The island never had permanent human occupation by their lack of freshwater sources. It was constantly visited by people of ancient Peru who used it as a cemetery. In fact in the mythology of ancient Peruvian central coast marine islands were related to the afterlife. The island was an important part in various stages of colonial Peruvian history, and for strengthening the independence of Peru and the Spanish-South American.
During colonial times, stones that were used to build various buildings like the old Presidio of Callao and the Royal Fortress Felipe were extracted from the quarries. It was also, eventually, home base for several English and Dutch pirates, as Francis Drake and Jacob Clerk, who raided the Callao. The latter died of plague along with some of his men and was buried on the island.
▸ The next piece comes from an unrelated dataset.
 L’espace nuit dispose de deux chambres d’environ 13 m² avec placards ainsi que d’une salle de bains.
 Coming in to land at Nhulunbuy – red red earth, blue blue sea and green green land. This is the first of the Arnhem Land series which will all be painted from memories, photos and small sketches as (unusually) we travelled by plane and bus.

In 1866, in republican times, the Spanish Armada retreated to San Lorenzo after their defeat against the Peruvian forces in the Battle of Callao, on 2 May. There the Spanish repaired their ships and buried their dead before leaving the Peruvian coast.
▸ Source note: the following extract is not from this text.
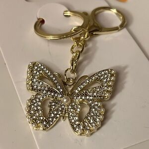 New Gold-Tone Butterfly Charm, Clear Sparkling Rhinestones, Faux (middle) Pearl. Key Ring with Lobster Clasp, Use on your Bag, Backpack, or as a Keychain, New, Never used.
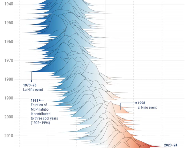 Każdy z 86 indywidualnych wykresów pokazuje rozkład częstości występowania różnych wartości anomalii dobowych w danym roku kalendarzowym. Kolorami oznaczono wartości samych anomalii: odcienie niebieskiego dla wartości ujemnych (chłodniejszych niż średnia klimatologiczna 1991-2020), czerwonego dla wartości dodatnich (cieplejszych). Zaznaczono też kilka historycznych zdarzeń mających wpływ na temperaturę globalną, jak silne epizody El Niño i La Niña, a także najsilniejszy w ciągu ostatniego stulecia wybuch wulkanu Pinatubo zw1991 roku.

Charles Darwin explored the island in 1835 looking at the geology and nature. Subsequently, between 1906 and 1907, Max Uhle made the first excavations at the southern tip of the island, finding metal objects and mummies in a pre-Hispanic cemetery in the Caleta de la Cruz, that corresponds to the end of Intermediate and Late Horizon (AD 900 to 1.532).
In 1912 the President Guillermo Billinghurst raised the proposal of building a dam with an island in Callao, an initial study being conducted by Dutch engineer J. Kraus in 1914. In 1958, the proposal was raised again by the Danish firm Christian & Nielsen, who put together a project that involved the transfer to the island to the fishing port and the creation of a new commercial port. The project did not materialize because of financial problems, lack of potable water and the impact that would have been caused on the island's wildlife.
In the first half of the 1990s, the naval base located on the island served as a temporary prison for the recently captured then leaders of the insurgent groups Shining Path and MRTA (Abimael Guzmán and Víctor Polay, respectively), as maximum security prisons were built for them.
In February 2010 the National Institute of Culture declared twenty existing archaeological monuments on the island "Cultural Patrimony of the Nation".